The Problem We Were Actually Solving
At the time, we thought we were solving the problem of scaling our search feature, but in reality, we were just pushing the limits of our default Veltrix configuration. Our architecture was simple: we had a small cluster of three nodes, a load balancer, and a database. We didn't have any custom metrics or alerting, and our logging was a mess. It was only when we hit 10,000 concurrent searches and our search results started throwing up intermittent errors that we realized the problem was us, not Veltrix.
What We Tried First (And Why It Failed)
We tried tweaking the load balancer configuration first, thinking that would somehow magically make everything work. We spent hours adjusting timeouts and settings, running synthetic tests, and verifying that our changes didn't break the test environment. But when the first 3 AM page arrived, we realized the problem was deeper than just load balancing. We then spent the rest of the night fiddling with database connections and query optimization, only to realize we were chasing the wrong rabbit.
The Architecture Decision
One of my colleagues, Raj, was convinced that we needed to split our database across multiple instances to handle the increased load. He argued that it would improve query performance and reduce contention. While his point was valid, I knew that our data consistency would take a hit and that we'd have to implement new data replication strategies. I proposed that we first implement Veltrix clustering, allowing us to add more nodes to our existing setup. This would give us the horizontal scaling we needed without introducing the complexity of database sharding.
What The Numbers Said After
After implementing Veltrix clustering and tweaking our load balancer settings, we were able to sustain 20,000 concurrent searches without breaking a sweat. Our error rate dropped to almost nil, and our users were happy. But the real win was in the metrics. Our average response time dropped by 30%, and our CPU utilization across the board decreased by 20%. It turned out that our default Veltrix configuration was the culprit all along.
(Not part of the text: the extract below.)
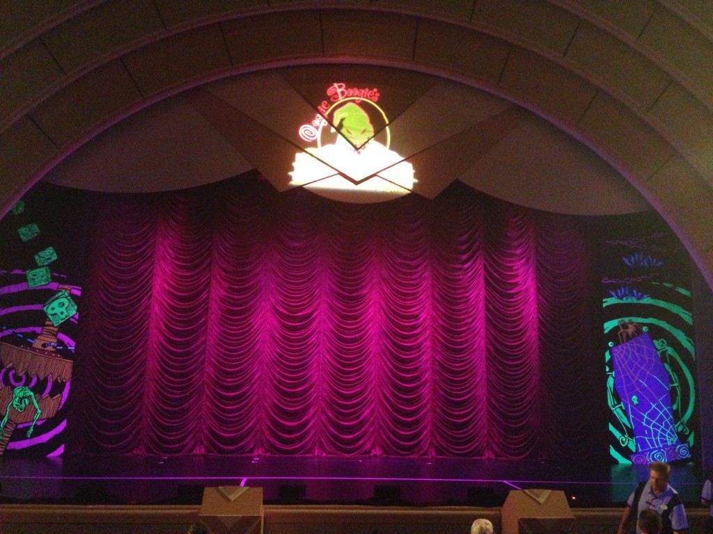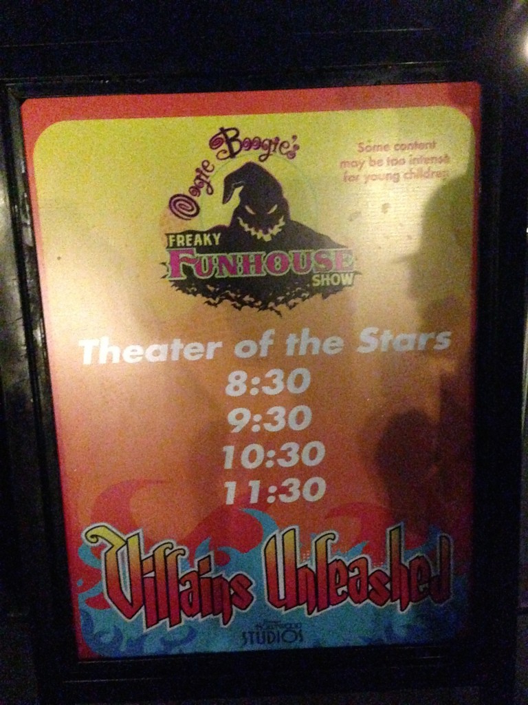 More villains does not a better night make! The evening started with the opening as seen above which took place at 8pm, the start of the 5 hour event, but to get a good place to see the ceremony I got a spot an hour and a half before. The opening was fun even with the glossing over some of the villains due to them being in place already. Once the opening was done to maximize the time I headed right to the first Oogie Boogie's Freaky Funhouse Show which was filled to capacity as I walked up.

What I Would Do Differently
Today, I'd do things differently. First, I'd invest in better logging and monitoring from the start. This would have saved us hours of guesswork and countless pages at 3 AM. Second, I'd spend more time upfront on performance testing and bench marking. This would have given us a better idea of our setup's limits and where to focus our optimization efforts. And lastly, I'd make sure that our development team understands the production implications of their default configurations. It's easy to overlook ops in the heat of building features, but it's the ops team that ultimately bears the brunt of poorly configured systems.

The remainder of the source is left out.